Depuis jeudi soir, l’heure est à la célébration, sur les planches du Théâtre Aux Écuries, et pour cause: le festival du Jamais Lu, un événement rassemblant certaines des créations théâtrales contemporaines les plus intéressantes, bat son plein. Et avec public, s’il vous plaît! Pour le 20e anniversaire de l’événement, rencontre avec Marcelle Dubois, l’une de celles qui a vu naître le tout.
Comment se sent-on, après 20 ans? Au bout du fil, Mme Dubois, la directrice artistique et générale de cet happening scénique, cherche d’abord un peu ses mots. Parce que forcément, le cours normal des choses a été chamboulé par la pandémie. Mais « ce n’est pas tant la question de la COVID-19 », explique-t-elle, mais plutôt le fait de se retrouver. « C’est le plaisir du partage… C’est le fait de faire découvrir des oeuvres qui sont toujours en création. Et si nous avons été en webdiffusion, comme la plupart des gens, pour la naissance d’une oeuvre, cela n’a pas de sens; il y a un besoin pour cette rencontre-là » entre le public et l’artiste, mentionne-t-elle.
« Reprendre Lady Macbeth en webdiffusion, ça se peut, peut-être, mais reprendre une oeuvre qui est en train de naître, il faut se rapport avec le public. Et après un premier festival annulé, l’an dernier, et celui de cette année repoussée de mai à août, je dirais que lorsque je suis rentrée au théâtre, jeudi matin, j’étais très émue de voir cette coquille, cette maison grouillante et prête à accueillir le public! »
« Pour les auteurs, j’avoue que cela m’a fait une grande émotion », ajoute Mme Dubois.
Quant aux 20 années écoulées, la directrice artistique et générale évoque à la fois un « vertige », mais aussi « une grande fierté de constater qu’elles sont allées à bâtir un réseau et aller chercher un public fidèle ». Car le Jamais Lu a non seulement sa plus importante déclinaison à Montréal, mais dispose aussi d’une antenne à Québec, en plus d’événements organisés à Paris.
« On travaille aussi sur un événement dans les Caraïbes… C’est ça que nous avons fait, en 20 ans: nous avons tissé une toile de circulation des paroles francophones. Je pense que nous sommes très fiers. Mais il est important, pour moi, de faire non pas un 20 ans rétrospectif, mais plutôt un 20 ans prospectif. Le travail accompli nous donne des racines, des outils… mais pour aller où?
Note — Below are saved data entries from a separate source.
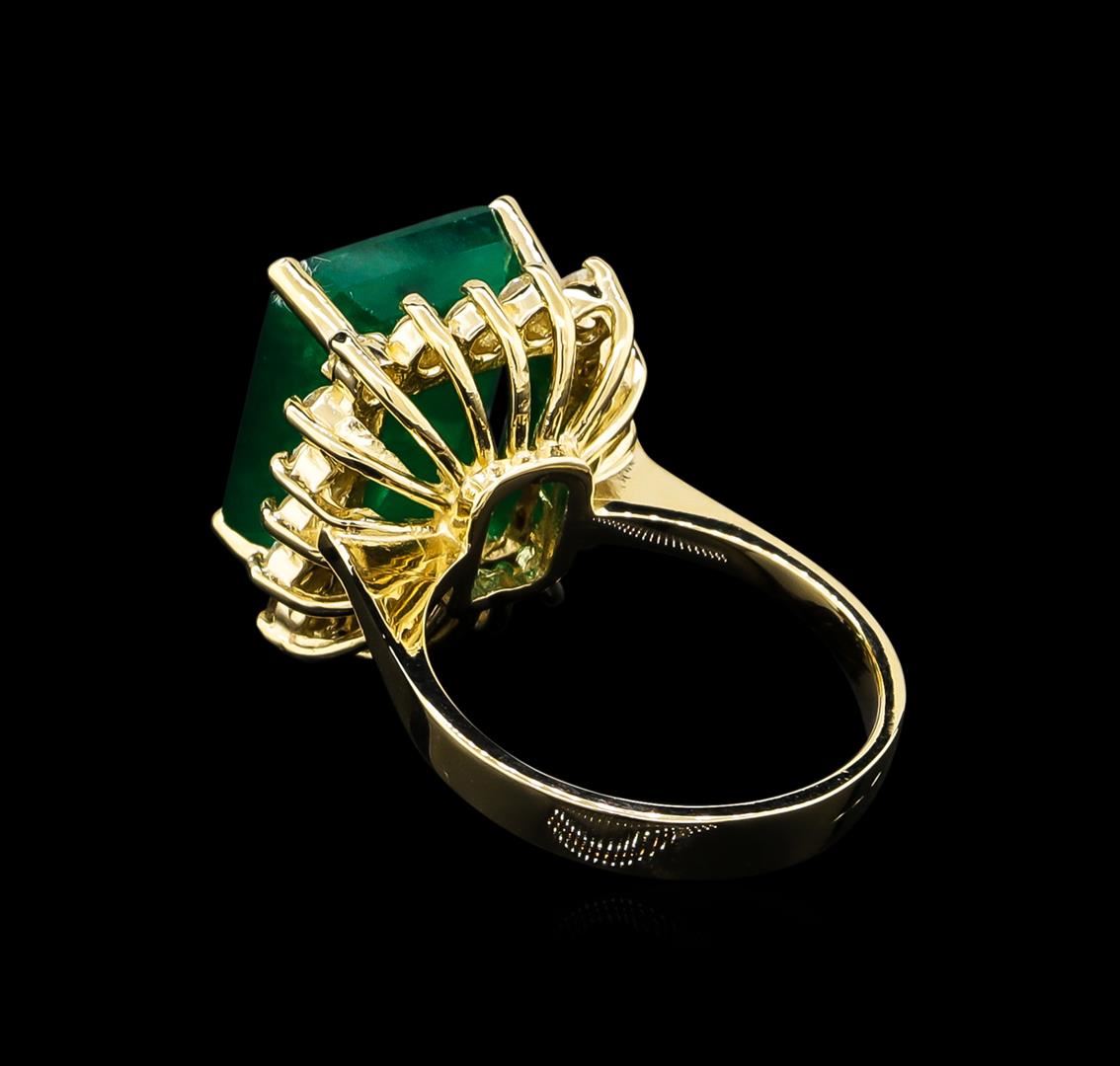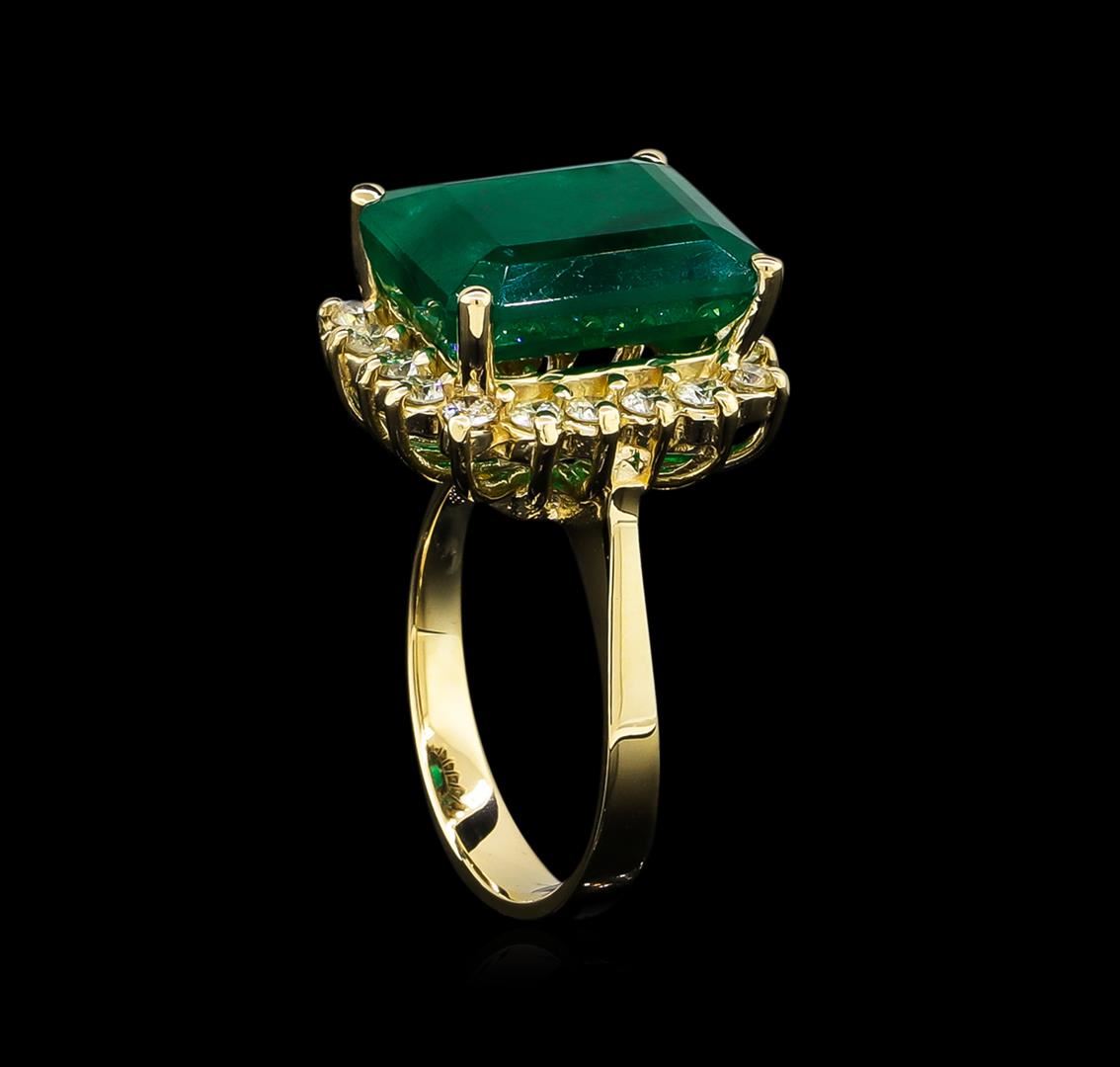 One electronically tested 14KT yellow gold lady's cast fashion ring with a basket halo with a bright polish finish. The featured lady's ring has a shank measuring 3.07 millimeters wide. Identified with markings of "14K". Condition is new, good workmanship. Containing: One prong set emerald step cut natural emerald, measuring 13.32 x 10.85 x 6.32mm, 14%. bulge factor, approximate weight of 7.71ct., clarity is heavily included, type III, medium dark, moderately strong, green color, (GIA G 6/4), cut is very good. Transmitting light somewhat diffusely, semi-transparent to translucent. Naturally occurring internal & external characteristics are present. Indications of oil residue. Graded in the setting. Eighteen prong set round brilliant cut diamonds, measuring 2.10 - 2.00 x 1.27mm (depth est.) approximate total weight of 18 Stones = 0.60ct. Graded in the setting. Clarity: VS-2 to SI-1. Color: H - I. Cut Good. Total Weight of Colored Stones 7.71ct. Total Weight of Diamonds 0.60ct. Total Weight of Ring 7.20gm. GAS Appraised at $17,270.00.
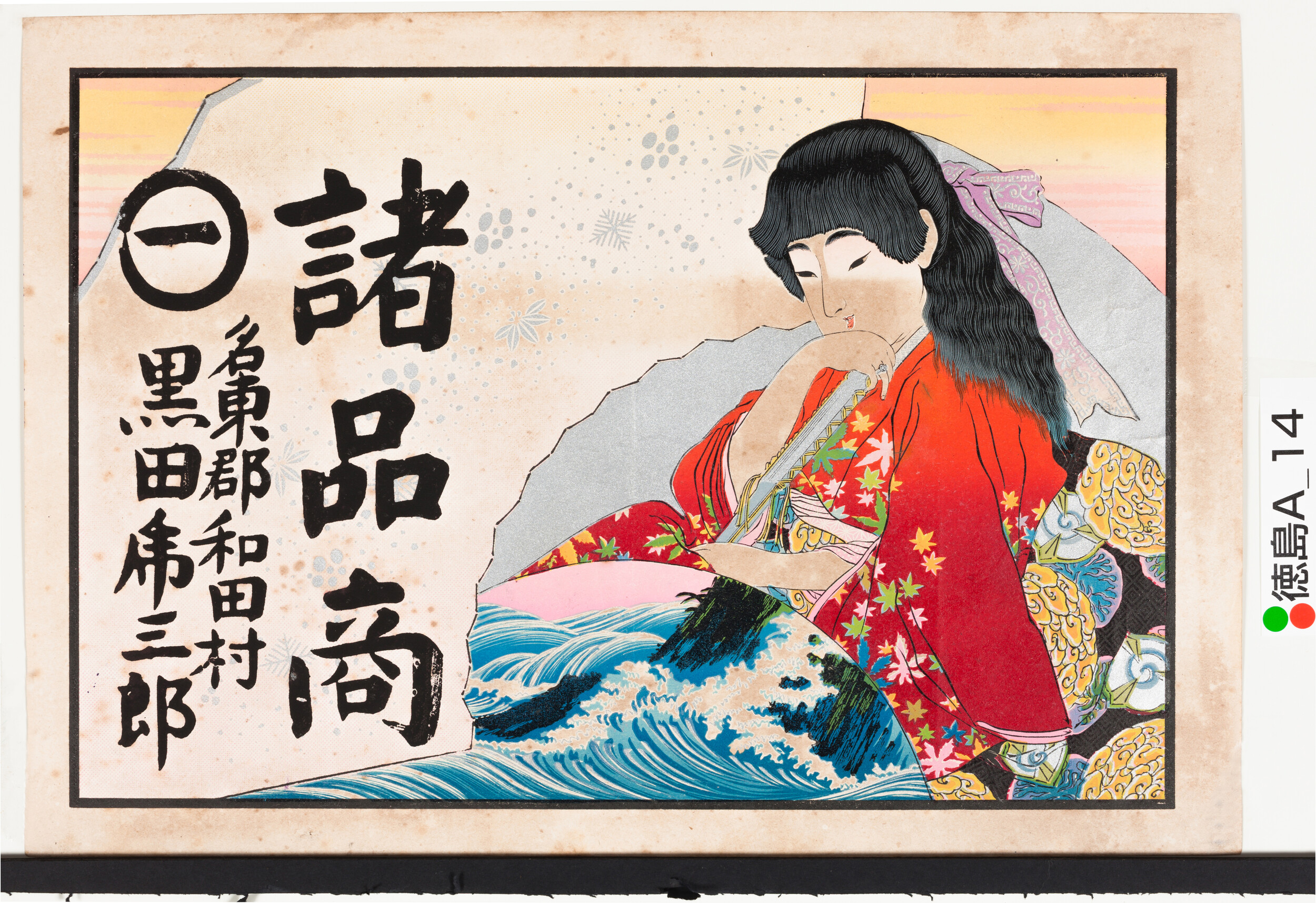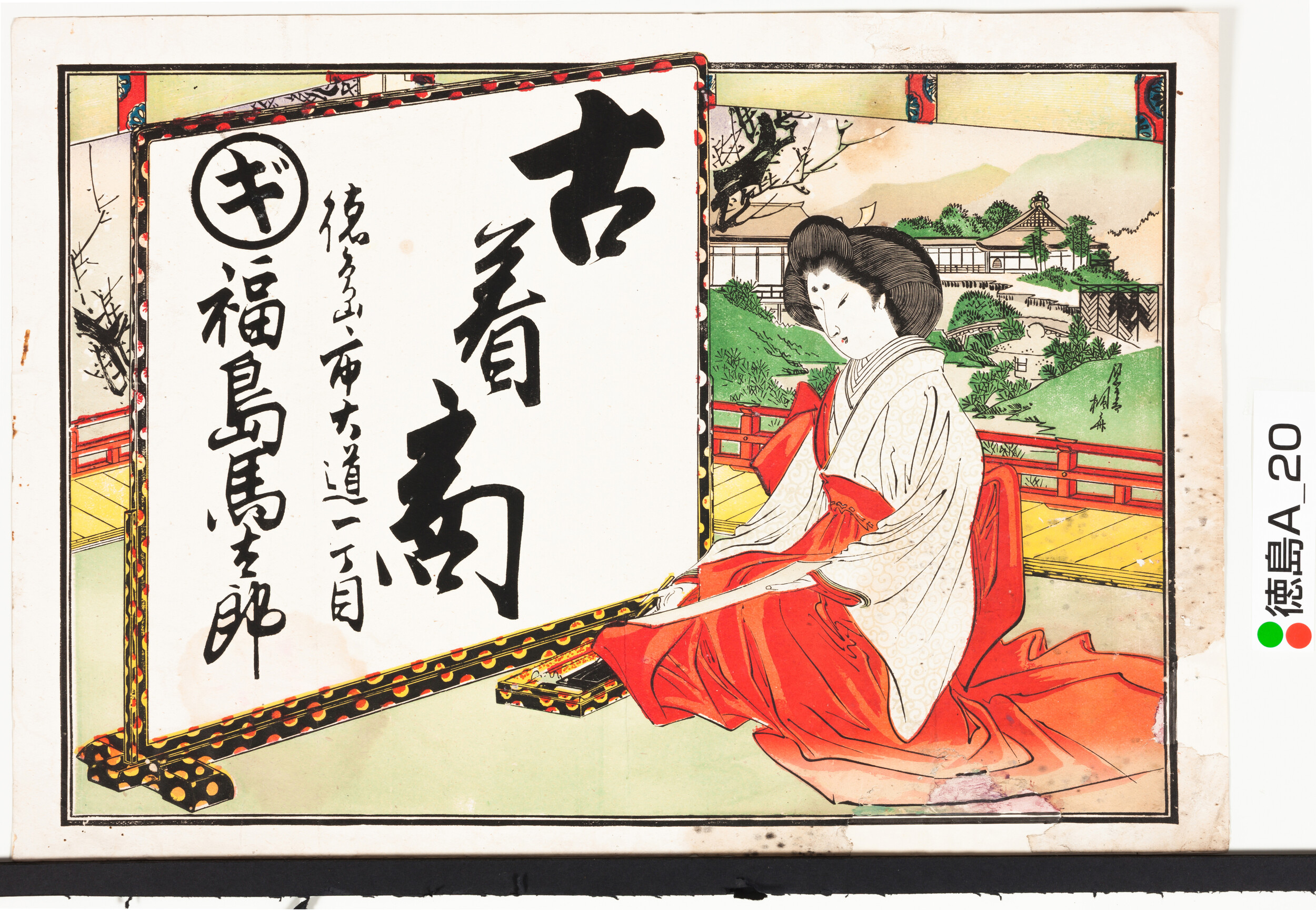 引札絵柄:緋袴の美人 短冊に筆文字、女官 商店場所:徳島市大道1丁目 商店名称:福島馬太郎 商売内容:古着商
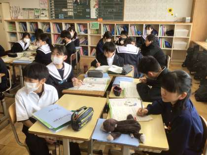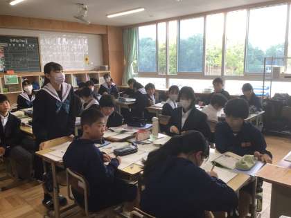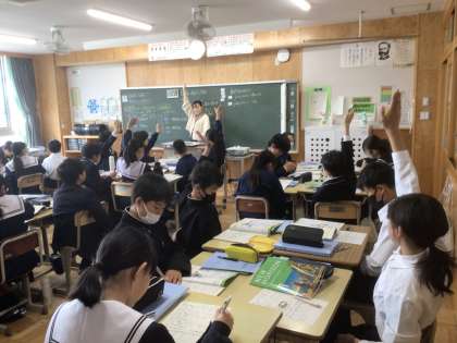 13学級の英語です。英語の動詞を発表しています。積極的に発言しています。
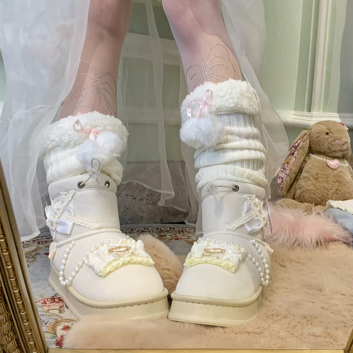 三团/全款绒绒雪兔芝士芒芒物语lolita可爱雪地靴厚底中筒靴
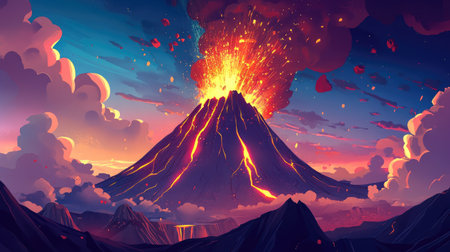 A powerful volcano erupts spectacularly, spewing fiery lava and creating a dramatic scene filled with smoke and vibrant colors against a dark sky.

Pour se projeter dans quoi? »
Histoire de favoriser la multiplicité des points de vue, Mme Dubois s’adjoint depuis quelques années des codirecteurs et codirectrices artistiques. « Cette année, je suis allée en chercher trois! Pour moi, ils représentaient ce qui est important d’observer, cette année. Il y a Anne-Marie Olivier, qui fait partie des premières éditions du festival, qui l’a vu grandir et qui a créé la version du festival à Québec; Marie Louise Bibish Mumbu, qui vient de la République démocratique du Congo, que j’ai rencontrée à Paris… Elle a immigré au Québec, on a continué notre route ensemble. Pour moi, elle représente les Néo-Québécois à qui il faut donner de l’espace. Et enfin il y a Etienne Lou, finissant de l’École nationale de théâtre il y a deux ans, québéco-chinois qui est à la fois auteur, danseur… cette forme hybride d’artiste qui est l’apanage de plus en plus de gens. »
Ensemble, les trois collaborateurs ont épluché environ 130 textes pour y piger de quoi organiser la douzaine d’événements qui sont présentés à Montréal depuis jeudi.
« Nous sommes vraiment à l’affût de ce qui est le dénominateur commun, ce que les auteurs semblent avoir un besoin urgent de dire », ajoute Mme Dubois.
« Qu’est-ce qu’on veut dire, nous comme festival? Évidemment, on ne voulait pas faire une édition sur la COVID-19, mais on sent que le point de vue sur le monde a changé. Au cours des années précédentes, on était dans une dramaturgie qui annonçait une future catastrophe; maintenant, c’est un peu « Ok, la bombe a explosé, qu’est-ce qu’on reconstruit? ». »
Et pour cette nouvelle édition, le public n’a pas déserté le théâtre en salles, bien au contraire, assure la directrice artistique et générale du Jamais Lu: plusieurs soirées sont déjà annoncées à guichets fermés. Et même si les mesures sanitaires limitent quelque peu le nombre de spectateurs qui peuvent être présents, Mme Dubois est certaine qu’en advenant la possibilité de vendre toutes les places normalement offertes, la salle serait certainement pleine à craquer.
Pour consulter la programmation et vous procurer des billets, consultez le site web du Jamais Lu.
Le festival se poursuit jusqu’au 28 août.